The Reserve Bank of India has decided that Basel III standards for capital (equity) and liquidity shall apply for lenders operating in the country.
That means that in India they will keep applying the regulatory pillar of more-perceived-credit-risk-more-equity and less-perceived-credit-risk-less equity.
Which means lenders in India will be able to leverage their equity, and the support they receive from taxpayers, much more with net margins collected on loans to those perceived as “safe” than on loans to those perceived as “risky”.
Which means that lenders in India will make much higher risk adjusted returns on equity when lending to those perceived as “safe” than on loans to those perceived as “risky”.

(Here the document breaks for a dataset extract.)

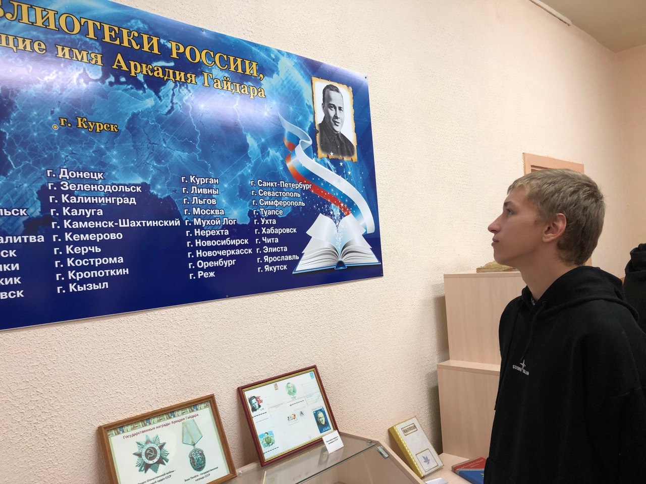 В Гайдаровском зале собраны материалы, связанные с именем писателя, его творчеством, эпохой, в которой жил и писал Аркадий Петрович. Ребята узнали о легендарной жизни и творчестве писателя.
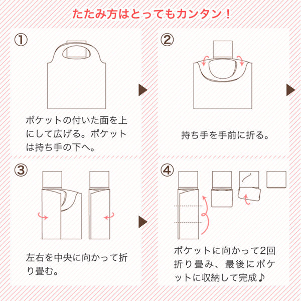 ●街中で目を惹くこと間違いなしの折りたたみ収納できるショッピングバッグです。

Which means that lenders in India are doomed to lend too much at too low rates to those perceived as “absolutely safe” and too little at too high rates to those perceived as “risky”, like the SMEs, entrepreneurs and start-ups.
That, for a developing country, does not sound so smart, in fact it is quite dumb.
And all this happens probably only so that some Indian regulators can show off in front of their colleagues in the developed countries.
But, even for developed countries that Basel pillar is dumb. It is like if a young professional setting up his retirement account he tells his investment manager: “I will pay you much higher commission on earned returns from investments in what is thought safe than what I will pay for the case of investments in what seems risky”. That will lead to excessive risk aversion and probably cause him a very poor retirement income.
Have India and other developing countries completely forgotten that risk-taking is the prime oxygen of any development?
Developing countries have clearly forgotten what made them develop… and have now, with these regulations that so odiously discriminate against the fair access to bank credit of “the risky” have call it quits, and begun un-developing.
And all for nothing since never ever do major bank crises result from excessive exposure to what is perceived as risky, these do always, no exceptions, result from excessive exposures to something perceived as absolutely safe, but that ex post turned out very risky.
PS. From some things I have heard about India, and from some experiences I have had in my country, Venezuela, it would seem that equity requirements based on closeness-to-borrower ratings could make some sense. The closer the bank, and its board are to the borrower, for instance they could be siblings, the higher the equity requirement.